Кулешов молча рисовал дерево прямо на полях карты. Спохватился, виновато улыбнулся, закрыл карту:
— А если б это дело я попросил возглавить вас, Николай Алексеевич? Ведь в свое время вы были главным инженером колхоза.
— Да какое то было время? Тогда, чтоб техникой командовать, надо было уметь жатку отремонтировать. Больше и знать не надо было. Нет, для такого дела я непригодный. Был я и в бригадирах, и в начальниках участка, всякое видел. Лучше всего за себя отвечать. Тут я вам могу гарантию выложить: с моей стороны все будет как надо. А за других…
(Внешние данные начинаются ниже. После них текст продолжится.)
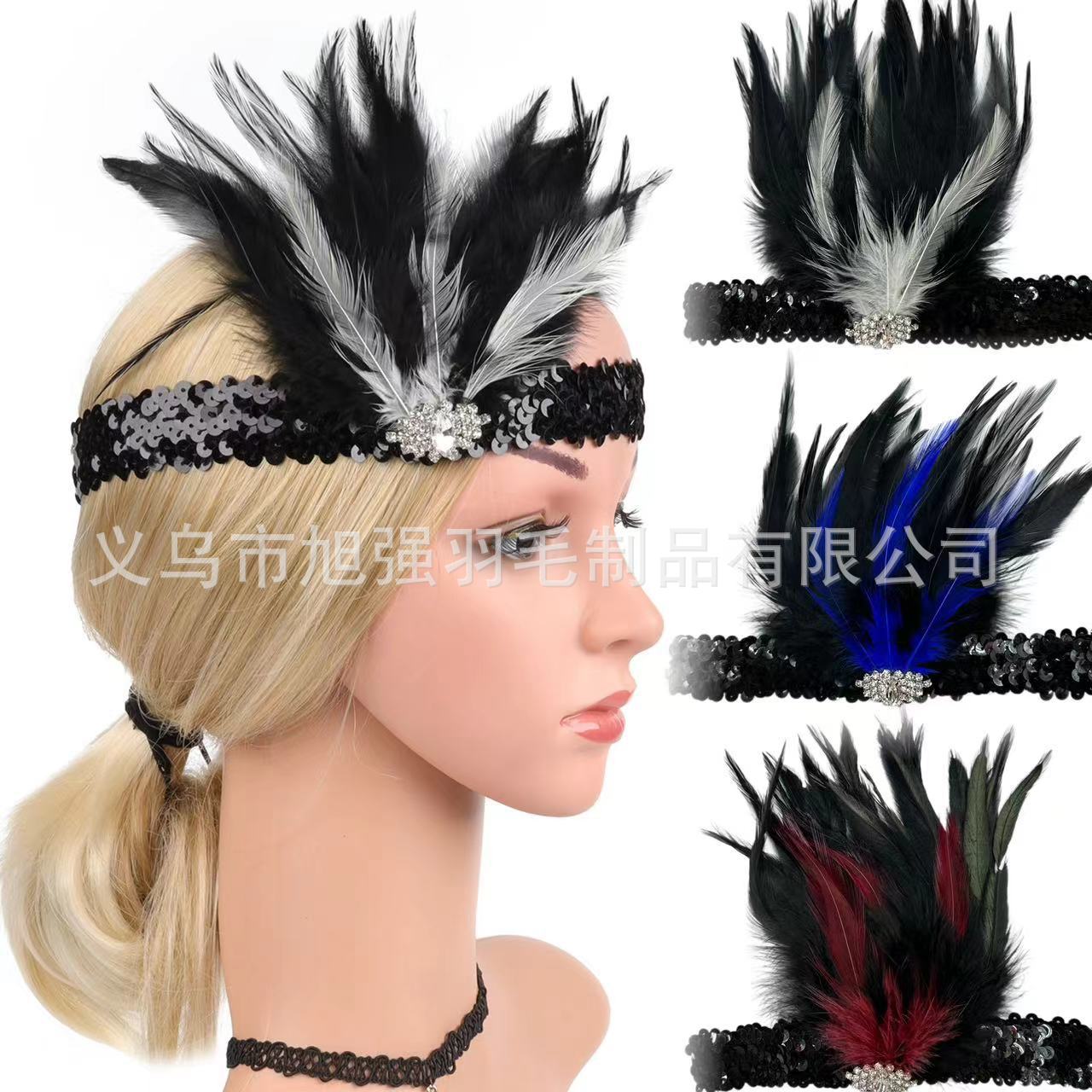 Tocado de Mascarada Tocado de Plumas Negras Tocado de Plumas Gatsby Europeo y Americano Despedida de Soltero Accesorios para el Cabello de Baile

— Вот так же и я Туранову говорил. — Кулешов медленно провел ладонью по лицу, будто стирая усталость, и глаза его теперь вдруг стали не просящими, а жесткими, такими, какими они были в тот день, когда он написал и вывесил на воротах гаража свой первый строгий приказ. — А он, Иван Викторович, знаете что мне сказал: «Вот что, товарищ Кулешов, уговаривать надо человека, который может, но не особенно хочет делать сверхурочную работу. На руководящие посты идти не уговаривают. Руководящие посты поручают. Вам поручили ответственную работу. Мы уверены, что вы справитесь. Будьте достаточно благодарны за то, что вам эту работу доверяют». Вот так он сказал, Николай Алексеевич, У вас хорошая репутация, вам верят люди, уж в этом я сам убедился, когда вы мне испытательный срок устроили. Вы что думаете, я не понял, для чего вы меня тогда втравили в ремонт трактора? И до тех пор, пока вы не оказали мне поддержку, я ничего не мог сделать с этими гаражными бузотерами. Я же все прекрасно знаю, Николай Алексеевич. И как вы Рыбалкина воспитывали после его прогулки на «Кировце» на свидание, и других, которые за час до звонка по домам разбегались. Только так вот, за кулисами, оно, конечно, проще. А вот чтоб по должности нести ответ — это труднее. Если боитесь, что не справитесь, — тут уж разговор другой.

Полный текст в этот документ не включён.